German art historian

Wolf Tegethoff (born 1953) is a German art historian, an expert on Ludwig Mies van der Rohe and currently, with Ulrich Pfisterer, director of the Zentralinstitut für Kunstgeschichte, Munich.

Tegethoff studied art history, urban design, economic history and social history at the University of Bonn and Columbia University, New York. He completed his Ph.D. dissertation on Ludwig Mies van der Rohe in 1981. From 1981 to 1987, he was an assistant professor at the Kunsthistorisches Institut of the University of Kiel. From 1987 to 1991 he was second director of the Zentralinstitut für Kunstgeschichte, Munich, and since 1991 he is director of this institute. He has been visiting professor at the universities of Bonn, Haifa and Venice. In 2000, he was appointed professor of art history at LMU Munich.

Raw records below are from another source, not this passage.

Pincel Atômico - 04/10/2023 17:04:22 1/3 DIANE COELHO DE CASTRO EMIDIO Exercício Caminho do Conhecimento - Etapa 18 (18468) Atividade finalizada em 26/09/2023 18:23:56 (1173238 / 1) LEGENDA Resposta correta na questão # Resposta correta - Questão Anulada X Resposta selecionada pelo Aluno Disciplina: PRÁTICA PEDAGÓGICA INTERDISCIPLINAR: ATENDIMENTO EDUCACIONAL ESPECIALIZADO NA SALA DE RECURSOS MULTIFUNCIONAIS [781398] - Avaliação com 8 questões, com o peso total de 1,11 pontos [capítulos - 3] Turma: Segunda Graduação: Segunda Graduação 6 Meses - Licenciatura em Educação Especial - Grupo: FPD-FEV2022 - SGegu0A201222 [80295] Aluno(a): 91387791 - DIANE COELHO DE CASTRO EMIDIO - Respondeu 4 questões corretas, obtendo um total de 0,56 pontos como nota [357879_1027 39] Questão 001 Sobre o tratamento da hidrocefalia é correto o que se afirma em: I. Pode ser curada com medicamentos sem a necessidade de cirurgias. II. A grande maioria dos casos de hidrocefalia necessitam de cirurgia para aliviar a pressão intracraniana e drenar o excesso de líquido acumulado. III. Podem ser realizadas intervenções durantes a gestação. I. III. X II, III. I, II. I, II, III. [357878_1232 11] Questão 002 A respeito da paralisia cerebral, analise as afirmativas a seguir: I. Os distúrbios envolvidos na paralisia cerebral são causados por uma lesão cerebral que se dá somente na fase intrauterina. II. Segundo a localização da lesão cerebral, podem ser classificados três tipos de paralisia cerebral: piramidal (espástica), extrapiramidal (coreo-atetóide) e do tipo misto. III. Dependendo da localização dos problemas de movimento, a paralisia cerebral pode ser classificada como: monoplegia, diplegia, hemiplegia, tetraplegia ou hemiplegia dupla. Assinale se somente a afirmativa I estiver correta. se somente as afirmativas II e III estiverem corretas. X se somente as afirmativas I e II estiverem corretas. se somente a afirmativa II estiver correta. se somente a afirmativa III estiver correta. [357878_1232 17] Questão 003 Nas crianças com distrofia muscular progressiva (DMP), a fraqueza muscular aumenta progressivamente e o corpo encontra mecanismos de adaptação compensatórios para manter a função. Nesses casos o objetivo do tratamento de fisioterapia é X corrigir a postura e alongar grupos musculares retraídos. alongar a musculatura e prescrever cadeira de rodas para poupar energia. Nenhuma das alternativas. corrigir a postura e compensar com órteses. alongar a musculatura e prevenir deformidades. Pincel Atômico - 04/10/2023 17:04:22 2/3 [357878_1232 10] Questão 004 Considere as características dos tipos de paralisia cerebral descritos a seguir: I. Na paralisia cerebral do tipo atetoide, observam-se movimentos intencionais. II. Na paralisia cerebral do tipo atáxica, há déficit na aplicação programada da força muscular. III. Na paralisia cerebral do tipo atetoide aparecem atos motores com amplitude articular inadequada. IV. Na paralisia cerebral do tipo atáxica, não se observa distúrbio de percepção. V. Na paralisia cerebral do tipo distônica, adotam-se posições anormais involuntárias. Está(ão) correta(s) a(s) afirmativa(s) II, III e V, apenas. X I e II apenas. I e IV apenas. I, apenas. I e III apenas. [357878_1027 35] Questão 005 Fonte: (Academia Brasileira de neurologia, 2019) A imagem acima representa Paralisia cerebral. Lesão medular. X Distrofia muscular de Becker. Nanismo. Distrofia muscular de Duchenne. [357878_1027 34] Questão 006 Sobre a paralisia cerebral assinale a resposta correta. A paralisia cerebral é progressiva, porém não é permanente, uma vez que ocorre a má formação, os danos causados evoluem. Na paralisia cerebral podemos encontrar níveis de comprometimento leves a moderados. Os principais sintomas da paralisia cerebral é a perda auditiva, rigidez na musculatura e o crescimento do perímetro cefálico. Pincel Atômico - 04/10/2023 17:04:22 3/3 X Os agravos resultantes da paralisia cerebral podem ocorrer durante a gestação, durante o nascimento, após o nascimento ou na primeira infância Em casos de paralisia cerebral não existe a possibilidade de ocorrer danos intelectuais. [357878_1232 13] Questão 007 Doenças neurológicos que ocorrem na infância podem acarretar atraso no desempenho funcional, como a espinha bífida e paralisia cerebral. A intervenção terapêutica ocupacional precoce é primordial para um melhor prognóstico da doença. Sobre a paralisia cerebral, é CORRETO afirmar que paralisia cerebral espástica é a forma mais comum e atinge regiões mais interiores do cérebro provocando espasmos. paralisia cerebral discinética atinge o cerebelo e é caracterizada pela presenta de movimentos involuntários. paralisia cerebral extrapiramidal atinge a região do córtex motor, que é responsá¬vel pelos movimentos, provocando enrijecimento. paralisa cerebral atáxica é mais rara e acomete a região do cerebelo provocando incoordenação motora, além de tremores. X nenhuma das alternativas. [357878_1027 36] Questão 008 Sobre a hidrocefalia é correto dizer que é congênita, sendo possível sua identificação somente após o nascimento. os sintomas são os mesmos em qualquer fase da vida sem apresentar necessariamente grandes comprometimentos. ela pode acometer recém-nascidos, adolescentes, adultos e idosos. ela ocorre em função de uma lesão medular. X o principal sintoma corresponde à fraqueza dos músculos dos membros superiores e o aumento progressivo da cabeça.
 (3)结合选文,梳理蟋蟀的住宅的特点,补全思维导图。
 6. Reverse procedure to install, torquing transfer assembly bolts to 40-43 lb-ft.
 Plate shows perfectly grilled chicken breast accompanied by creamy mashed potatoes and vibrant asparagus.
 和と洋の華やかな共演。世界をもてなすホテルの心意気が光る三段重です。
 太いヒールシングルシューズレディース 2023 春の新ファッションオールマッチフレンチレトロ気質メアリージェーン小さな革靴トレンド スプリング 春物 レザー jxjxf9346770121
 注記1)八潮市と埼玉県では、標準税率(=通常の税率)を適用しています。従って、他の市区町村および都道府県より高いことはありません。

Tegethoff is married to art historian Marion Ackermann (born 1965), who was director of the Kunstmuseum Stuttgart and the Kunstsammlung Nordrhein-Westfalen, Düsseldorf and is currently director of the Staatliche Kunstsammlungen Dresden. They have two children. Two further children are from a previous relationship.

==Select publications==
- Mies van der Rohe: The Villas and Country Houses. New York, Cambridge, Mass. 1985.
- "From Obscurity to Maturity: Mies van der Rohe's Breakthrough to Modernism". In Franz Schulze, ed., Mies van der Rohe. New York 1989, pp. 28–94.
- Im Brennpunkt der Moderne: Mies van der Rohe und das Haus Tugendhat in Brünn. Munich 1998.
- Ludwig Mies van der Rohe: the Tugendhat House. Vienna, New York 2000.
- 'Catching the spirit: Mies's early work and the impact of the "Prussian style" '. In Terence Riley and Barry Bergdoll, eds., Mies in Berlin, New York 2001, pp. 134–151.
- Nation, Style, Modernism. Cracow, Munich 2006.
- Carlo Scarpa: struttura e forme. Venice 2007.
- Ralf Kaspers: Fotografie. Düsseldorf 2009.
- Allgemeines Künsterlexikon. Associate Editor, Berlin/Boston 2018.